The Yukon River runs from Whitehorse to the west coast of Alaska and it was near the start of that river that David Gillmor's life came to an end. After David's death, his brother Don Gillmor travelled to Whitehorse to reconstruct those final days.
Gillmor wrote about this trip in the book, To the River, which won the 2019 Governor General's Literary Award for nonfiction. In it, he writes about his quest to understand David's death and the growing number of suicides among baby boomers.
Gillmor spoke to CBC's Metro Morning(external link) about his book in January of 2019.

Remembering David

"David was an extraordinary musician. He was one of those guys who could pick up any instrument and, in a couple of hours, he could figure it out and get something out of it. He was also one of those relentlessly social people. As a kid, he could never be alone and, as an adult, he almost never was alone. He was an incredibly outgoing guy. He kept his musician experience well into his 40s. He played late and slept late.
You could see that he was able to compartmentalize and present versions of himself to different people. - Don Gillmor
"When I was up there I was talking to all kinds of people — bands he'd played in, people he knew.
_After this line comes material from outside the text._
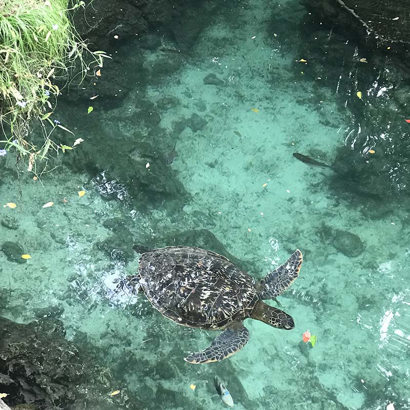 Pływanie z żółwiami morskimi to niesamowite doświadczenie. Można je tu karmić przygotowanymi przez personel glonami. Jeżeli nie jest się gościem hotelowym można opłacić 10 $ za wstęp i pływać do woli.
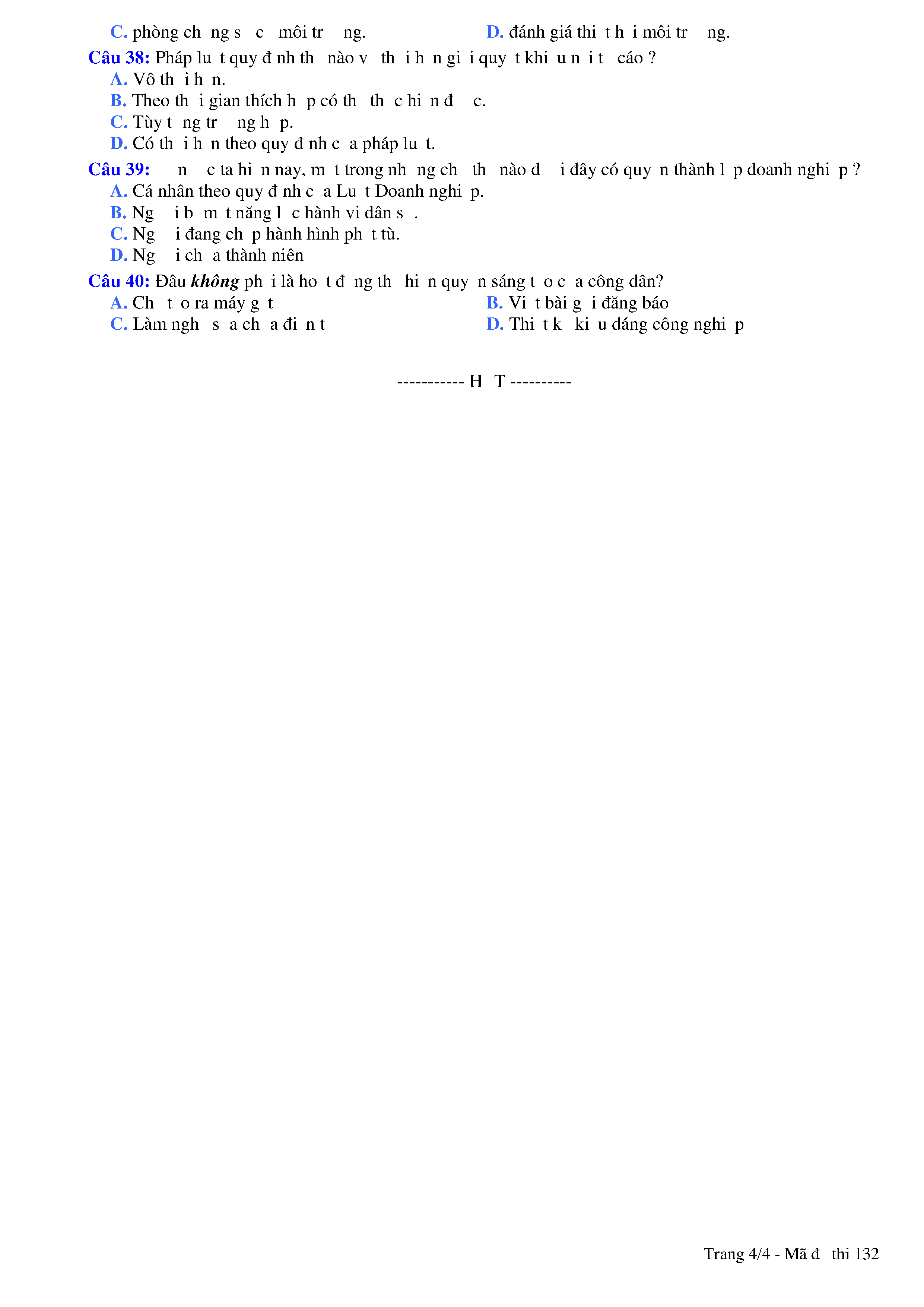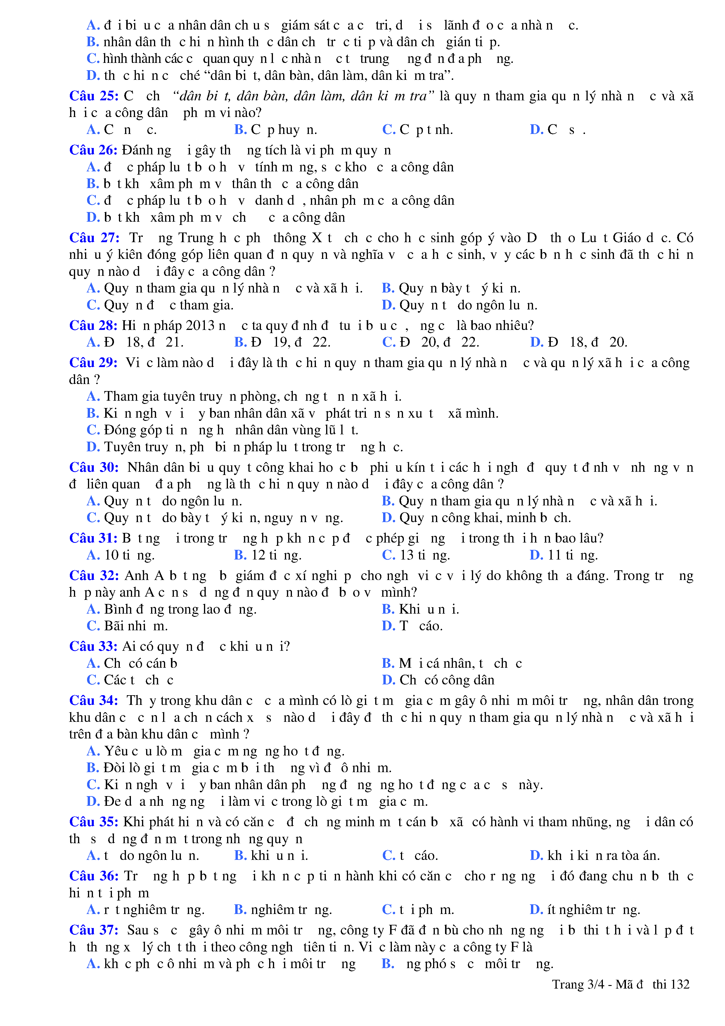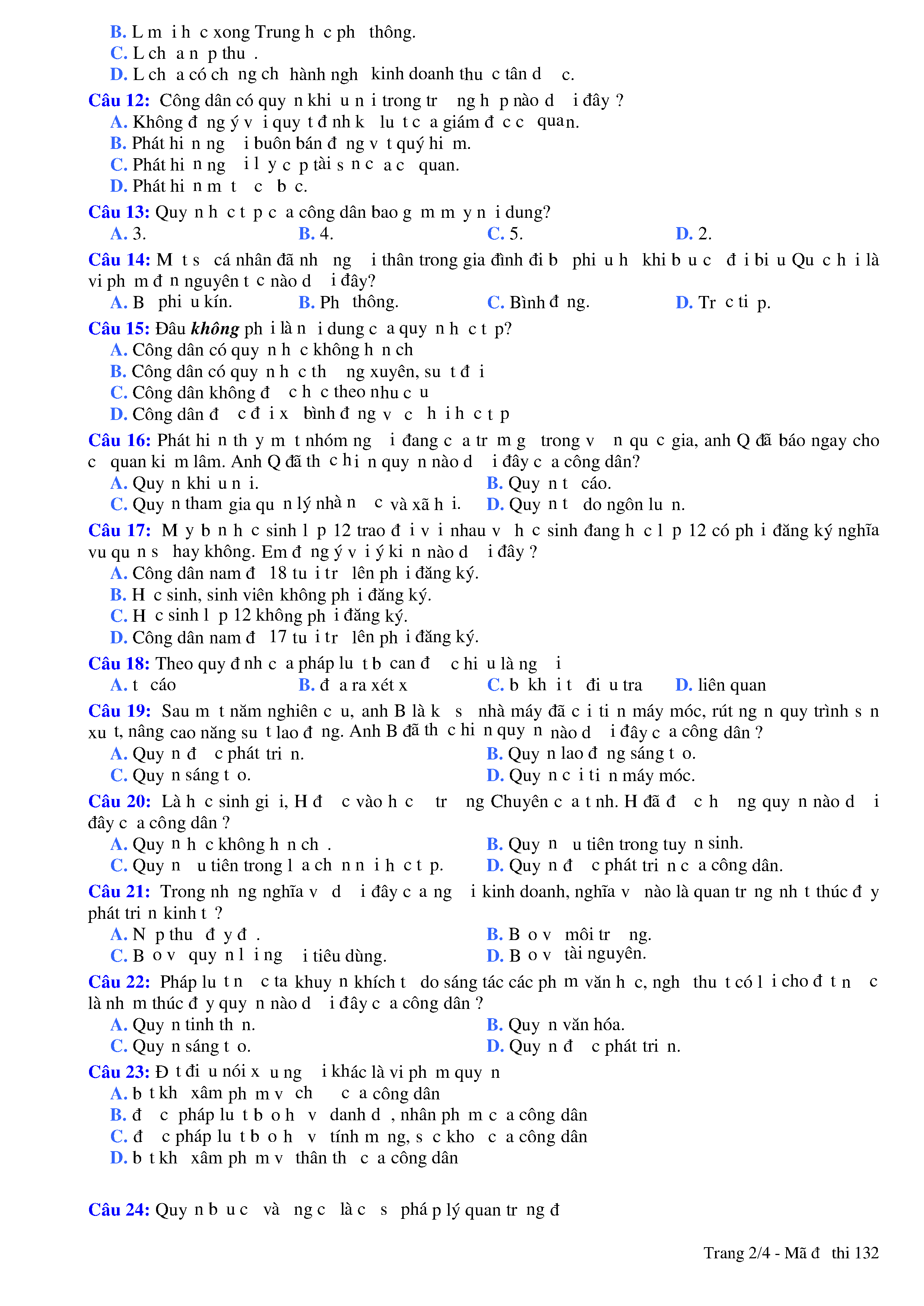 Đề kiểm tra HK II năm học 2017 - 2018 môn GDCD Trường THPT Lý Thái Tổ - Lớp 12

One of the things that was interesting was that I'd talk to people who'd known him for a decade and they'd have a completely different perspective from the next person I'd talk to. Someone would say he was clean and sober and happy. The next person would say he was neither of these things and he was very unhappy. You could see that he was able to compartmentalize and present versions of himself to different people. It was hard to get past all that and find what was at the core."

Childhood memories

"I remember at one point we'd gone to see a prison movie when we were kids. I was 12, my cousin Peter was 12 and my brother was 10. We got back to my grandmother's house and we thought we'd reenact the movie, so we tied bedsheets together to a cot in the sun-room on the second floor. We lowered my 10-year-old brother out the window. The sheets weren't long enough, just as it hadn't been in the movie, actually. He was dangling from the sheets and my grandmother was in the living room serving tea to a group of Presbyterians. There was my brother, dangling into view, hanging onto this sheet.
He couldn't hang on so he sort of swayed in front of these church ladies, descended from heaven. - Don Gillmor
"We couldn't pull him up because we didn't have the strength. He couldn't hang on so he swayed in front of these church ladies, descended from heaven and finally let go. He landed in my grandmother's flowers. She was a flinty, old Scot. She came out and yelled at him for ruining her flowers, as opposed to finding out whether he was hurt. Our parents gave us this lecture, which always started with, 'What were you thinking?'"

No firm answers

"I wrote a piece in The Walrus about my brother's death and I thought it would get it out of my system. It didn't happen that way. I kept gravitating back to literature on suicide and trying to figure this out. Every suicide leaves that question: Why did they do it? I think a lot of people that are left behind end up pursuing that question, even though there's often no rational answer. We want to get closer to finding out what happened.
Every suicide leaves that question: Why did they do it? - Don Gillmor
"There were no firm answers. But I did get much closer and I think I came to a much better understanding of him and why he took his own life, as well as a better understanding of other people who have taken their own lives."
Don Gillmor's comments have been edited for length and clarity.